[Start of section]

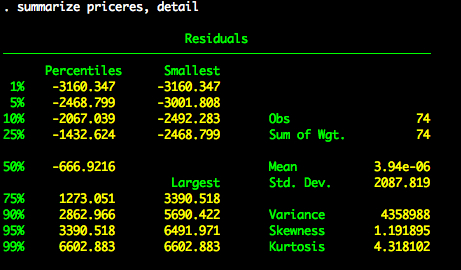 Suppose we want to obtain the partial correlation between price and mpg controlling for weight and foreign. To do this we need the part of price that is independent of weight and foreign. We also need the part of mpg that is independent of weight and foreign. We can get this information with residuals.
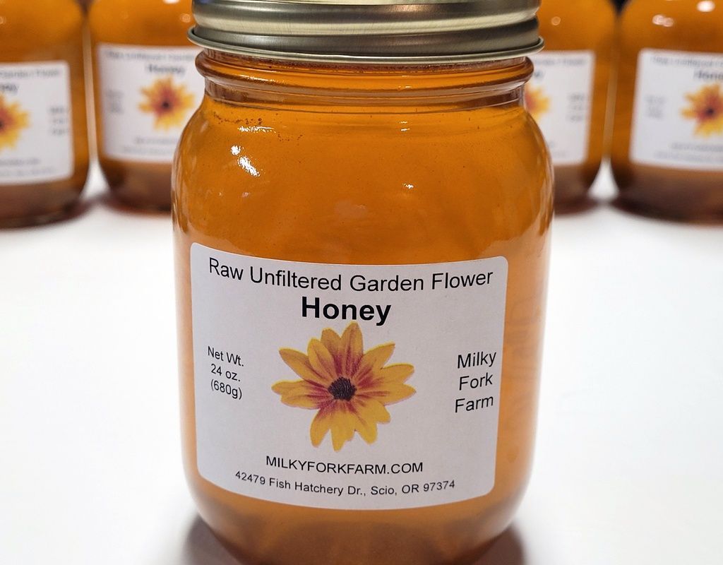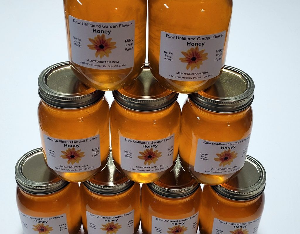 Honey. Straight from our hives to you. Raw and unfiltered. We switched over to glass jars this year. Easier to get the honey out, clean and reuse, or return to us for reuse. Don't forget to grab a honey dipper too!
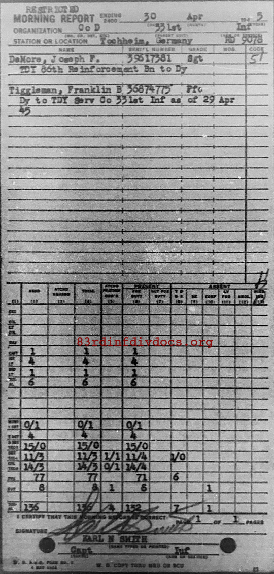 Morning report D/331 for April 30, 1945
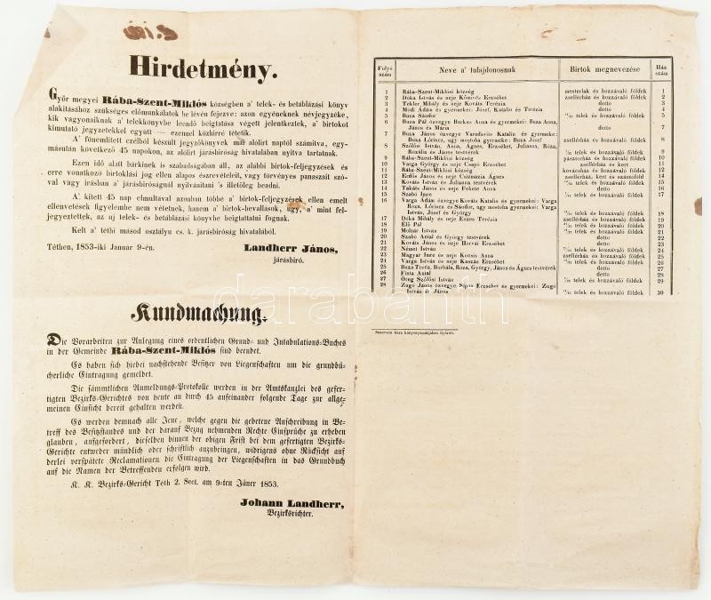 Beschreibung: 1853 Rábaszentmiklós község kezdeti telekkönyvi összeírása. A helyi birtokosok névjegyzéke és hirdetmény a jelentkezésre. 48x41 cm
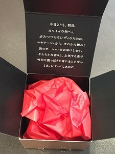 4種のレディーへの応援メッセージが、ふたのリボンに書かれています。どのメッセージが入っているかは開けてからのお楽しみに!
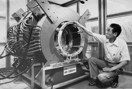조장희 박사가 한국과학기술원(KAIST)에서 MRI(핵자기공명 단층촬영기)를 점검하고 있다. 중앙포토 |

[End of section]

■ Task requirements:
Your output should be the full set of entries above, restated word for word and free of pictures.

■ Expected output:
 Suppose we want to obtain the partial correlation between price and mpg controlling for weight and foreign. To do this we need the part of price that is independent of weight and foreign. We also need the part of mpg that is independent of weight and foreign. We can get this information with residuals.
 Honey. Straight from our hives to you. Raw and unfiltered. We switched over to glass jars this year. Easier to get the honey out, clean and reuse, or return to us for reuse. Don't forget to grab a honey dipper too!
 Morning report D/331 for April 30, 1945
 Beschreibung: 1853 Rábaszentmiklós község kezdeti telekkönyvi összeírása. A helyi birtokosok névjegyzéke és hirdetmény a jelentkezésre. 48x41 cm
 4種のレディーへの応援メッセージが、ふたのリボンに書かれています。どのメッセージが入っているかは開けてからのお楽しみに!
조장희 박사가 한국과학기술원(KAIST)에서 MRI(핵자기공명 단층촬영기)를 점검하고 있다. 중앙포토 |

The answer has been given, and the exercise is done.